ACTIVITY. All lines from the one holding "まずは私物の機材(全てメーカ" to the end of the listing are to be output exactly, both ends included, with any pictures left out.

DATA.
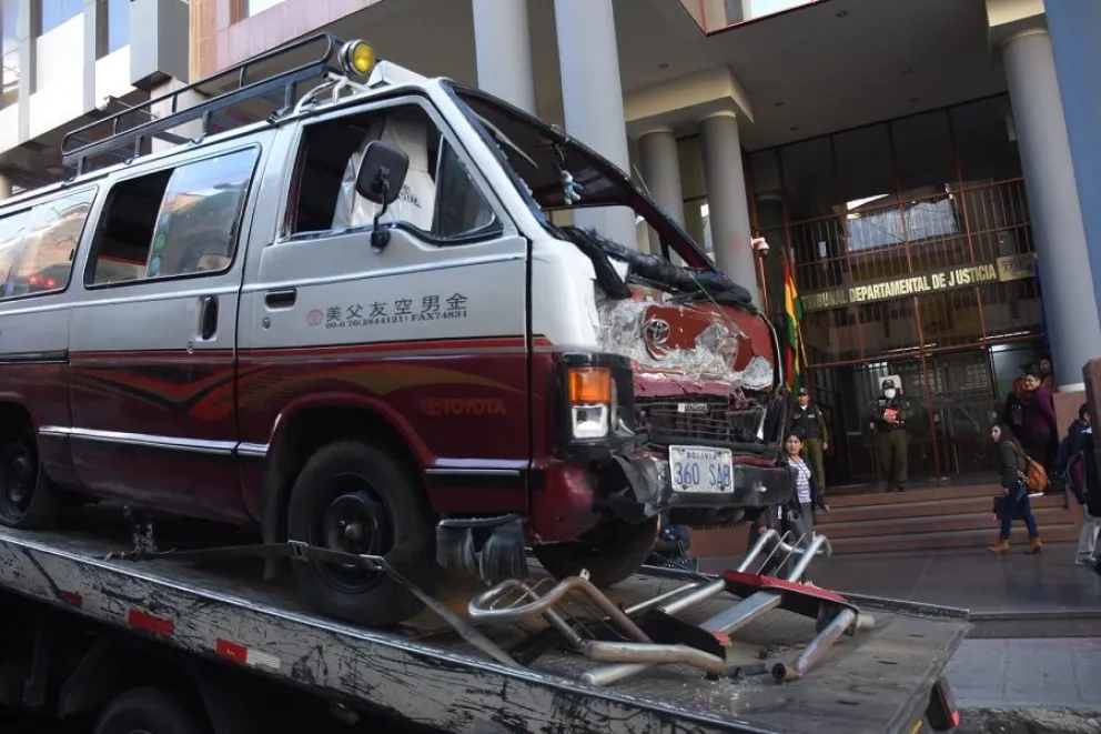 El minibús del servicio público que se estrelló en la fachada del TDJ de La Paz. Foto: APG
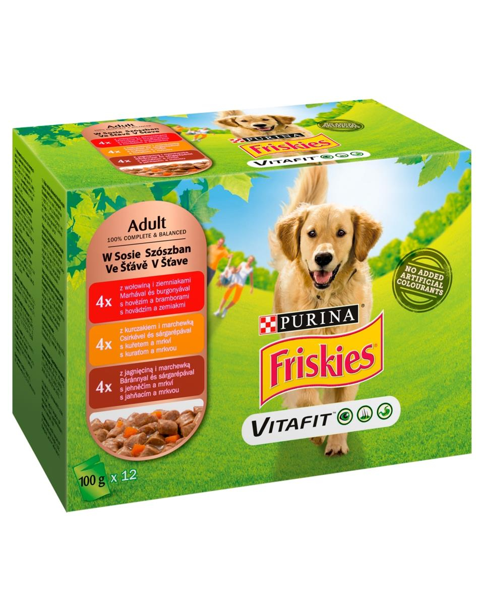 Purina Friskies Adult Vital în sos închis în pliculețe practice sprijină sănătatea câinelui dumneavoastră. Asigură vitalitatea animalelor: scaune compacte, datorită unei digestii sănătoase, blană strălucitoare și piele sănătoasă, o strălucire în ochi - semn de vigilență. Furnizează toate vitaminele și nutrienții necesari pentru a vă menține animalul de companie în condiții optime. Fără adaos de coloranți, arome sau conservanți artificiali.
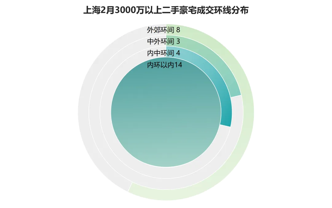 从环线结构看,内环内成交14套,占比近半,依然是高端置业的首选之地。
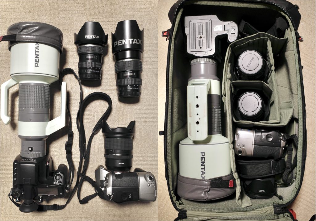 まずは私物の機材(全てメーカーはPENTAX)を、シチュエーションも考えながら収納していきます。撮影の軸はフルサイズ、でも中判デジタルでも撮りたい。サブ機としてAPS-C機と、念のためストロボも入れておくか等々、考えられるだけ入れていきます。欲張りです。でも、持っていかなければ現地では使えない。この事実は覆すことはできないのです。そうしてできあがったシステムがこちら。
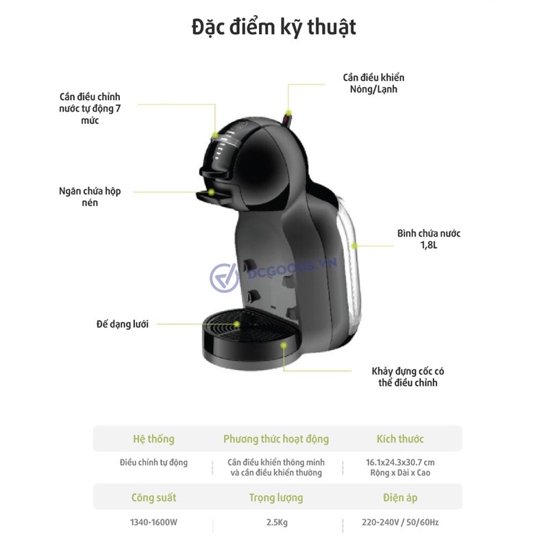 • Thông số sản phẩm: Máy pha cà phê viên nén Nescafe Dolce Gusto - MiniMe

EXPECTED ANSWER.
 まずは私物の機材(全てメーカーはPENTAX)を、シチュエーションも考えながら収納していきます。撮影の軸はフルサイズ、でも中判デジタルでも撮りたい。サブ機としてAPS-C機と、念のためストロボも入れておくか等々、考えられるだけ入れていきます。欲張りです。でも、持っていかなければ現地では使えない。この事実は覆すことはできないのです。そうしてできあがったシステムがこちら。
 • Thông số sản phẩm: Máy pha cà phê viên nén Nescafe Dolce Gusto - MiniMe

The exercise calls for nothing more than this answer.